A Self-Regulated Network for Dynamically Balancing Multiple Precursors in Complex Biosynthetic Pathways.

Microbial synthesis has emerged as a promising and sustainable alternative to traditional chemical synthesis and plant extraction. However, the competition between synthetic pathways and central metabolic pathways for cellular resources may impair final production efficiency. Moreover, when the synthesis of target product requires multiple precursors from the same node, the conflicts of carbon flux have further negative impacts on yields. In this study, a self-regulated network was developed to relieve the competition of precursors in complex synthetic pathways.
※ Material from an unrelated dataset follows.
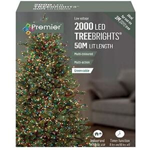 Four times as many LED's as normal lights, each one is just 2.5cm / 1" apart so you tree will really sparkle MULTI -ACTION : simply press a button on the controller to cycle through over 8 different flashing patterns, or just press once for always on INDOOR / OUTDOOR : Can be used anywhere and the cable from the mains plug to the first light is 10m! TIMER FUNCTION : 8 Hours on 16 Hours off Mains Powered 2000 Lights - Total length of lights 50m + 10m from first light to mains plug - Ideal for 2.7m (9 Foot) Tree 1500 Lights - Total length of lights 37.5m + 10m from first light to mains plug - Ideal for 2.4m (8 Foot) Tree 1000 Lights - Total length of lights 25m + 10m from first light to mains plug - Ideal for 2.1m (7 Foot) Tree 750 Lights - Total length of lights 18.7m + 10m from first light to mains plug - Ideal for 1.8m (6 Foot) Tree
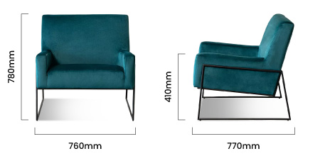 With its contemporary design, this armchair emphasises laid-back comfort and clean lines for a minimalist modern look. High-quality velvet upholstery adds a luxurious finish, with powder-coated steel framing.

Using 4-hydroxycoumarin (4-HC) synthetic pathway as a proof of concept, we employed an intermediate as a trigger to dynamically rewire the metabolic flux of pyruvate and control the expression levels of genes in 4-HC synthetic pathway, achieving self-regulation of multiple precursors and enhanced titer. Transcriptomic analysis results additionally demonstrated that the gene transcriptional levels of both pyruvate kinase PykF and synthetic pathway enzyme SdgA dynamically changed according to the intermediate concentrations. Overall, our work established a self-regulated network to dynamically balance the metabolic flux of two precursors in 4-HC biosynthesis, providing insight into balancing biosynthetic pathways where multiple precursors compete and interfere with each other.